Rianimazione? Italiani bocciati

Solo il 16% degli italiani, in caso di arresto cardiaco, interverrebbe con le corrette manovre di rianimazione. Il 29% si limiterebbe a chiamare i soccorsi, il 21% offrirebbe supporto senza agire direttamente e il 32% agirebbe solo se guidato da un operatore al telefono. Sono dati che emergono da uno studio dell’Osservatorio Opinion Leader 4 Future, rilanciato dall’Italian Resuscitation Council (Irc) in occasione della Giornata Internazionale della Rianimazione Cardiopolmonare. Tra le principali resistenze, la paura di peggiorare la situazione (56%) e la scarsa conoscenza delle manovre di emergenza (42%).

AMAREZZA Una fotografia che non sorprende Marco Bonacina, presidente della Croce Rossa Italiana, Comitato di Vigevano. «Purtroppo la strada da fare è ancora lunghissima. Negli anni abbiamo fatto passi avanti, ma siamo lontani da una popolazione davvero consapevole e proattiva». La Croce Rossa vigevanese, come spiega Bonacina, è impegnata da tempo in un ampio lavoro di formazione rivolto a tutte le fasce d’età.

Partiamo dalle scuole materne, insegnando ai bambini a riconoscere un problema e a sapere come chiamare il 112 – spiega – Poi proseguiamo con corsi di primo soccorso, rianimazione cardiopolmonare e utilizzo del defibrillatore. Anche un gesto semplice, come saper dire dove ci si trova o come si chiama la mamma, può fare la differenza.

Ambulanza notte

SENSIBILIZZAZIONE L’educazione precoce alla gestione delle emergenze è cruciale. «Abbiamo casi di bambini di quattro o cinque anni che hanno salvato la vita a un familiare grazie alla prontezza con cui hanno allertato i soccorsi – continua Bonacina – Se un adulto inizia il massaggio cardiaco prima dell’arrivo dell’ambulanza, le probabilità di sopravvivenza aumentano esponenzialmente». Eppure, la conoscenza rimane scarsa. Secondo la stessa indagine, solo il 24% degli italiani saprebbe definire correttamente un arresto cardiaco e appena l’11% lo distinguerebbe da un infarto. Il 74% non ha mai frequentato un corso di primo soccorso, e solo il 20% conosce davvero il funzionamento dei defibrillatori automatici esterni (Dae). «Il problema – continua – è che spesso le persone non si rendono conto di quando chiamare il 112. A volte lo si chiama per motivi banali, mentre in altri casi, quando servirebbe davvero, si perde tempo prezioso. Invece, allertare i soccorsi nei tempi e nei modi giusti può salvare vite». Il 112, Numero Unico Europeo per le emergenze, è oggi l’equivalente del 911 americano. «Con una sola chiamata si possono attivare contemporaneamente ambulanza, vigili del fuoco, forze dell’ordine e ogni altra unità necessaria – aggiunge il presidente della Cri vigevanese – È un sistema coordinato e rapido, ma deve essere conosciuto da tutti, nessuno escluso».

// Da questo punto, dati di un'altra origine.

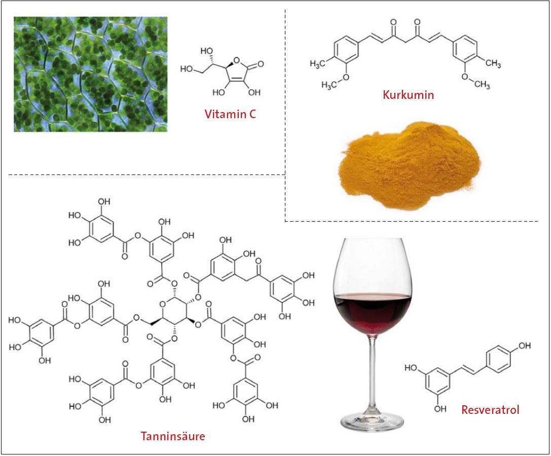 Figure 5. Abb. 5 Strichformeln einiger natürlich vorkommender Antioxidantien. Vitamin C wird in vielen Pflanzen in den Chloroplasten angereichert. Kurkumin, der Inhaltsstoff der Kurkumapflanze, findet als Gewürz und als Therapeutikum gegen Alzheimer Verwendung. Im Wein sind zahlreiche Antioxidantien enthalten, darunter die besonders wirksamen Stoffe Tanninsäure und Resveratrol. (Kristian Peters - Fabelfroh, CC BY-SA 3.0; BroviPL, Public Domain; Adobe Stock)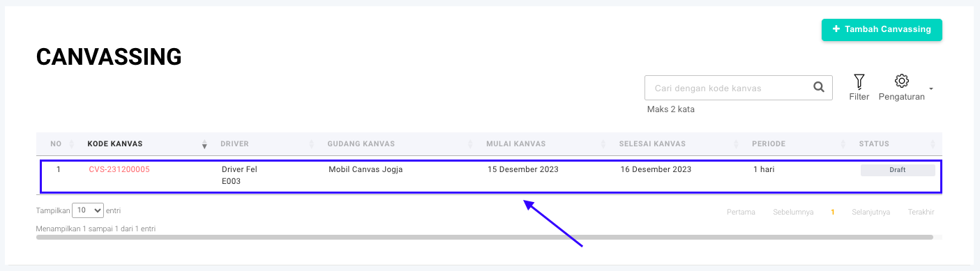 **Step 6:** Setelah berhasil membuat Canvas Baru, maka Canvas yang baru saja dibuat akan muncul pada halaman **Canvassing** dengan status **Draft.**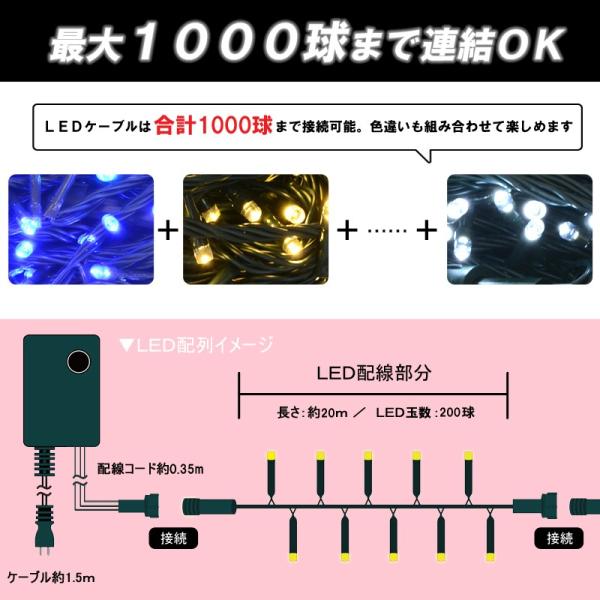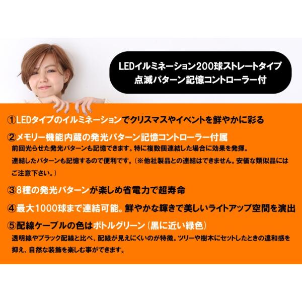 ■商品内容:LEDイルミネーション200球ストレートタイプメモリー機能内蔵コントローラー付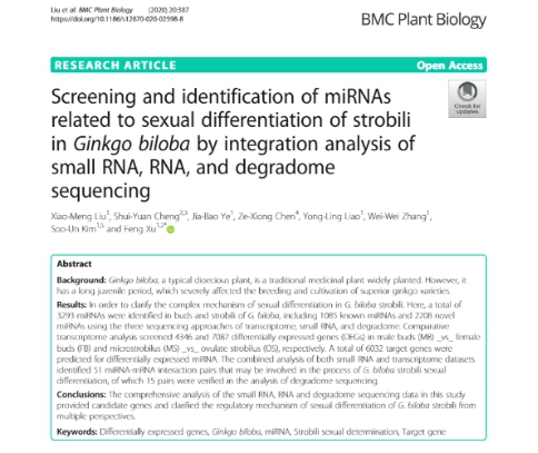 (通讯员 刘晓梦 何筱)2020年8月,我中心2019级博士研究生刘晓梦以第一作者身份在BMC Plant Biology期刊上发表了题为《Screening and identification of miRNAs related to sexual differentiation of strobili in Ginkgo biloba by integration analysis of small RNA, RNA, and degradome sequencing》(https://rdcu.be/b6sdL)(图1)的研究文章,该生导师许锋教授为通讯作者,太阳成集团tyc151为第一署名单位。
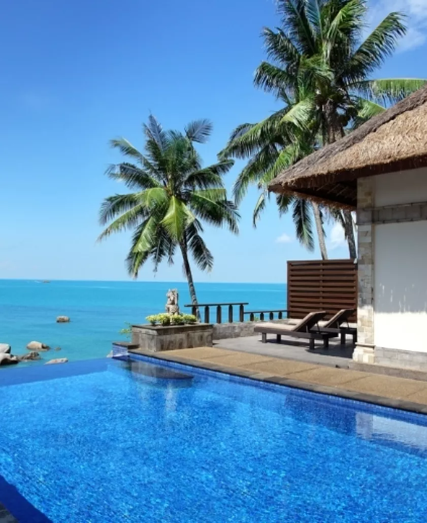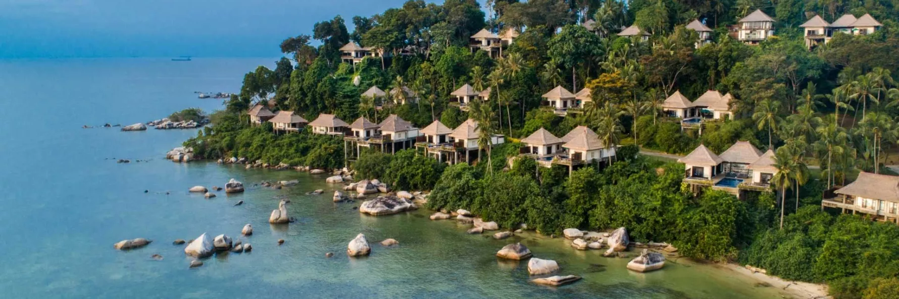 Immerse yourself in a natural sojourn on Bintan Island, where lush rainforests come alive across towering trees, hillside terrain, secluded beaches and sweet songs of wildlife. Banyan Tree Bintan offers stunning views of the South China Sea from traditional Balinese style villas, each raised with stilts and set on hillsides.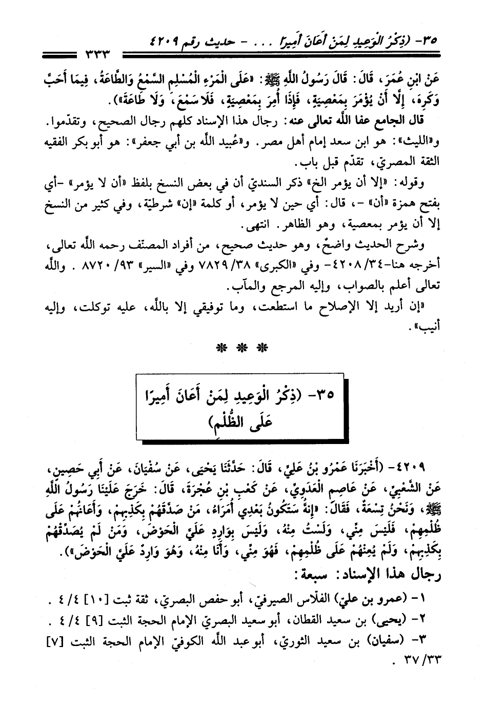 4209 - (أَخْبَرَنَا عَمْرُو بْنُ عَلِيٍّ، قَالَ: حَدَّثَنَا يَحْيَى، عَنْ سُفْيَانَ، عَنْ أَبِي حَصِينٍ، عَنِ الشَّعْبِيِّ، عَنْ عَاصِمٍ الْعَدَوِيِّ، عَنْ كَعْبِ بْنِ عُجْرَةَ، قَالَ: خَرَجَ عَلَيْنَا رَسُولُ اللَّهِ -صلى الله عليه وسلم-، وَنَحْنُ تِسْعَةٌ، فَقَالَ: "إِنَّهُ سَتَكُونُ بَعْدِي أُمَرَاءُ، مَنْ صَدَّقَهُمْ بِكَذِبِهِمْ، وَأَعَانَهُمْ عَلَى ظُلْمِهِمْ، فَلَيْسَ مِنِّي، وَلَسْتُ مِنْهُ، وَلَيْسَ بِوَارِدٍ عَلَيَّ الْحَوْضَ، وَمَنْ لَمْ يُصَدِّقْهُمْ بِكَذِبِهِمْ، وَلَمْ يُعِنْهُمْ عَلَى ظُلْمِهِمْ، فَهُوَ مِنِّي، وَأَنَا مِنْهُ، وَهُوَ وَارِدٌ عَلَيَّ الْحَوْضَ").

CAMBIAMENTO Sul piano nazionale, l’Italian Resuscitation Council insiste sulla necessità di un cambiamento culturale. «Le tecniche di primo soccorso dovrebbero essere insegnate fin dalla scuola e integrate nei corsi per la patente di guida», ha dichiarato il presidente di Irc, Andrea Scapigliati. «Dove la formazione è più diffusa, la sopravvivenza può addirittura triplicare». La legge 116/2021 prevede già la formazione obbligatoria scolastica e strumenti digitali come un’app per localizzare i defibrillatori presenti sul territorio, ma l’attuazione è ancora disomogenea tra le regioni. «Arrivare al momento di un’emergenza e trovare una persona già sotto trattamento – conclude Bonacina – significa aumentare in modo decisivo le possibilità di salvezza del soggetto».